Four Minutes
I turn my phone over in my hands, finding something soothing in the way its weight shifts around and around. I turn it on once, glance down at the screen, and look back up again. A second passes, and I realize I had turned it on to look at the time, but my eyes had skimmed right past the display. I do it again, consciously this time, and note: 11:07. Eleven-oh-seven. Eleven-oh-seven. I spin the phone around some more, let the plastic corners hit against my left thigh, and when the shiny black screen is facing me I flick the power button to bring it back to life again. Eleven-oh-eight. Eleven-oh-eight.
I had stopped shaking at some point, the jitters swapped out with this bone-deep numbness that makes me feel like my skin has been replaced by an all-over woolly blanket. My throat hurts. I had been shouting, screaming, but I can’t remember the details. I can see her face, slack and pale, but what I was thinking…
I flip my phone around. Power button. Eleven-oh-nine.
No one else is with me.

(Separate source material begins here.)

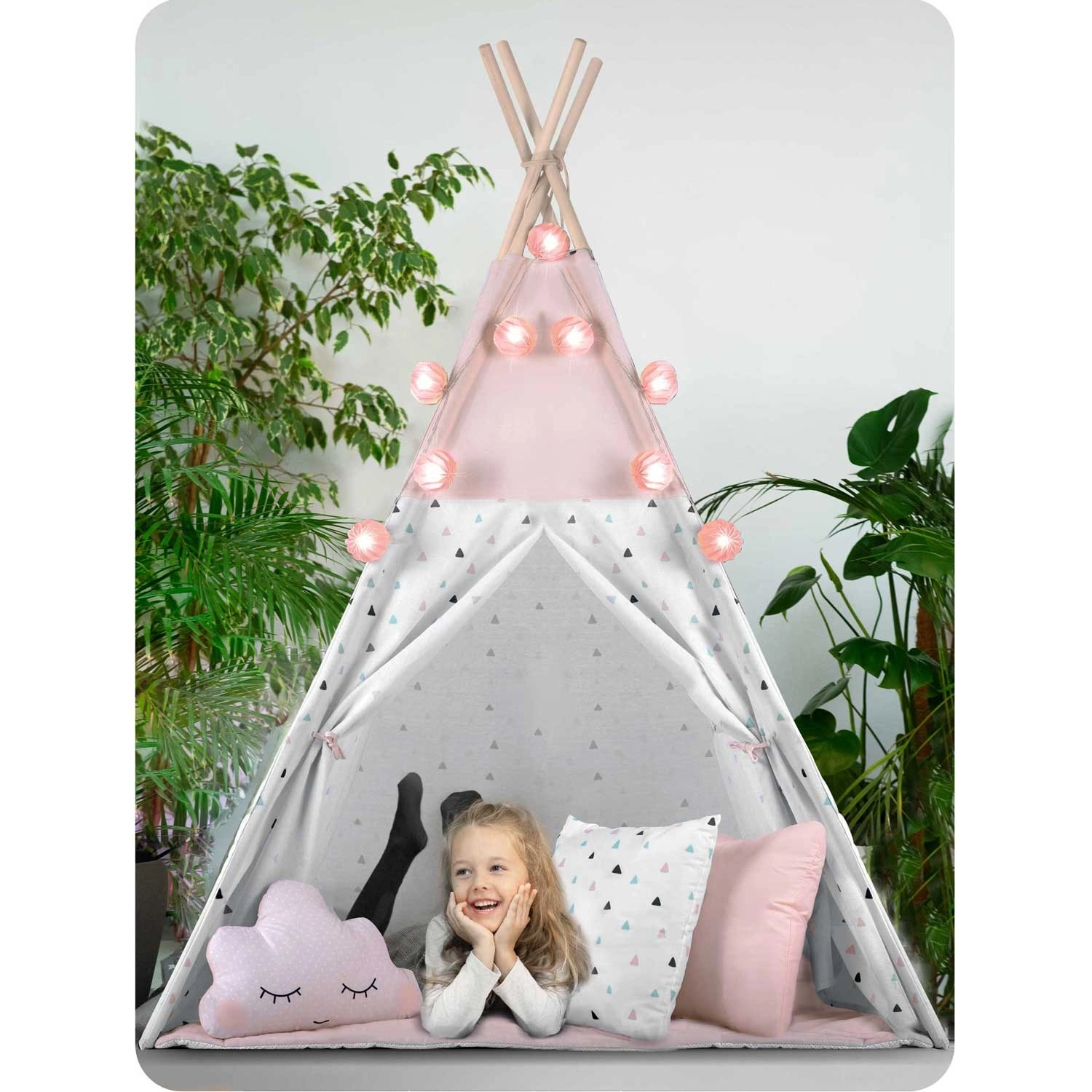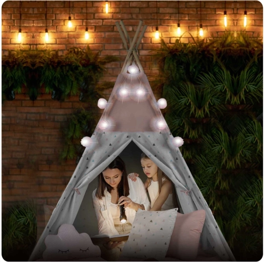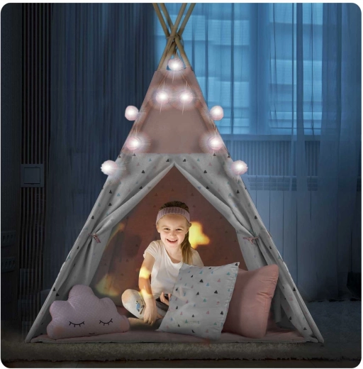 L’emballage comprend 3 coussins décoratifs, un tapis isolant doux et antidérapant, une guirlande, des petites lumières et un sac. Tout ce qu’il faut pour créer rapidement un coin féerique.
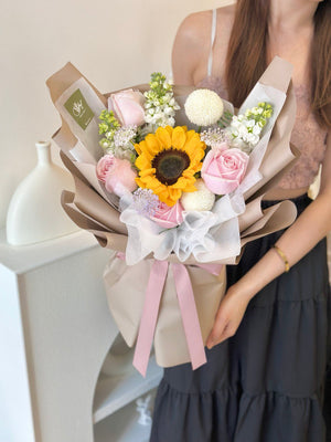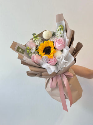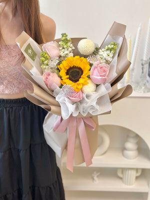 Fresh Flower: 4 x Pink Rose, 1 x Sunflower, 3 x Matthiola, 2 x Ping Pong, 3 x Trachymene

My only companions are a potted rubber fig tree in the corner and seven other plastic chairs and the masking scent of lemon floor cleaner. There’s something suspicious about that scent in hospitals, something that brings to mind the unpleasantness it’s covering up. Lemon floor cleaner in a school or an office building or a shopping mall is just clean floors. Lemon floor cleaner in a hospital is hiding something.
Flip. Power button. Eleven-ten.
The floors are nice, though. Shiny tiles that reflect back the fluorescent lights from above. It’s good that they’re tiles. Easier to spread out that lemon floor cleaner and wipe away all that unpleasantness. Carpeting would really be a bitch to clean in a place like this.
Flip. Power button. Eleven-eleven. Make a wish.
I wish…
The door opens. I hadn’t heard any footsteps in the hall, but here’s the doctor: tall, professional. Grim. I have stopped flipping my phone around and around, instead clutching it tightly in my hand as the doctor’s words wash over me. Maybe I press the power button, too, but I don’t look at the screen. I don’t know what time it is. I only see her face.
My woolly-blanket skin has gone all hot and cold with agony and the doctor is saying something apologetic but I have stopped listening. Nausea is crawling up from my stomach and I’ve started shaking again.
It’s very good that the floors are tiles.